TASK DIRECTIONS: What you produce should match the records below precisely, except that images are removed.

[Saved data entries]
━━━━━━━━━━

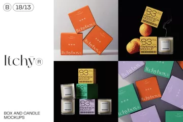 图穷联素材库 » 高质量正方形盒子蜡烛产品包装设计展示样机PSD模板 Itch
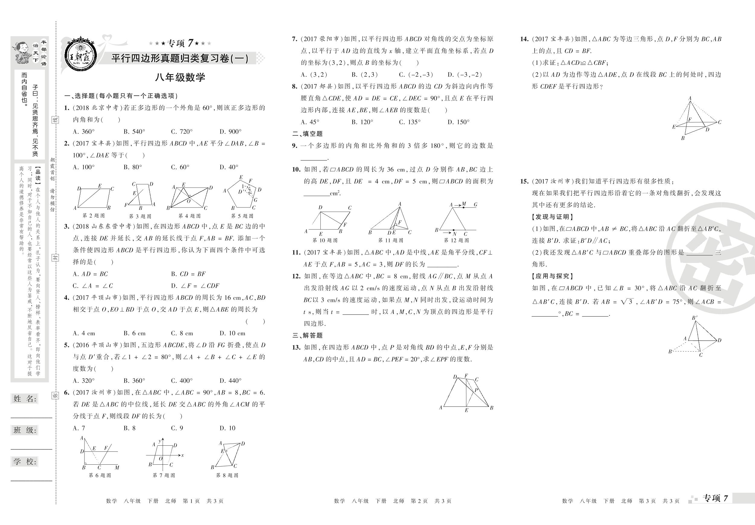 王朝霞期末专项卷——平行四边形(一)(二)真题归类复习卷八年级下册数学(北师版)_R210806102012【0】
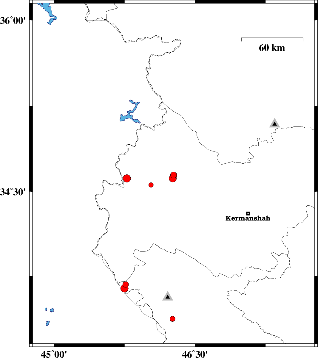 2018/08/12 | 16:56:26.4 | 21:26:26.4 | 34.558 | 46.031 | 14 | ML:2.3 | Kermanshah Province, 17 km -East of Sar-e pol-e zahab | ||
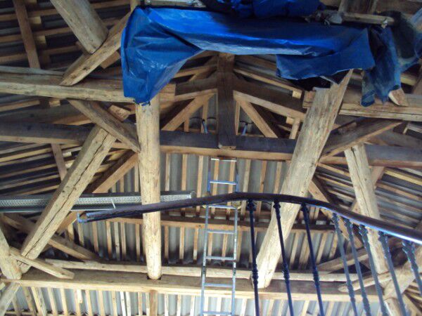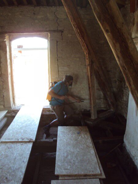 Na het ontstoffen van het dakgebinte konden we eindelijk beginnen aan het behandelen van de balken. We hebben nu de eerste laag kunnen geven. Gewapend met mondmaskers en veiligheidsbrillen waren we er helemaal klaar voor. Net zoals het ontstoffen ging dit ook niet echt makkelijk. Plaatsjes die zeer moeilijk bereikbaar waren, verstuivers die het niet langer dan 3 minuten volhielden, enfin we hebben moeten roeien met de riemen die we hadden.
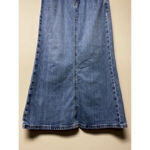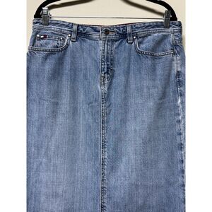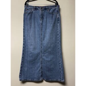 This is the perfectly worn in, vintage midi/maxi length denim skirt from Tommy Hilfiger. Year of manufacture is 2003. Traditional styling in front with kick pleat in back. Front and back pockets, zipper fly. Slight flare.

━━━━━━━━━━

WRITTEN RESPONSE:
 图穷联素材库 » 高质量正方形盒子蜡烛产品包装设计展示样机PSD模板 Itch
 王朝霞期末专项卷——平行四边形(一)(二)真题归类复习卷八年级下册数学(北师版)_R210806102012【0】
 2018/08/12 | 16:56:26.4 | 21:26:26.4 | 34.558 | 46.031 | 14 | ML:2.3 | Kermanshah Province, 17 km -East of Sar-e pol-e zahab | ||
 Na het ontstoffen van het dakgebinte konden we eindelijk beginnen aan het behandelen van de balken. We hebben nu de eerste laag kunnen geven. Gewapend met mondmaskers en veiligheidsbrillen waren we er helemaal klaar voor. Net zoals het ontstoffen ging dit ook niet echt makkelijk. Plaatsjes die zeer moeilijk bereikbaar waren, verstuivers die het niet langer dan 3 minuten volhielden, enfin we hebben moeten roeien met de riemen die we hadden.
 This is the perfectly worn in, vintage midi/maxi length denim skirt from Tommy Hilfiger. Year of manufacture is 2003. Traditional styling in front with kick pleat in back. Front and back pockets, zipper fly. Slight flare.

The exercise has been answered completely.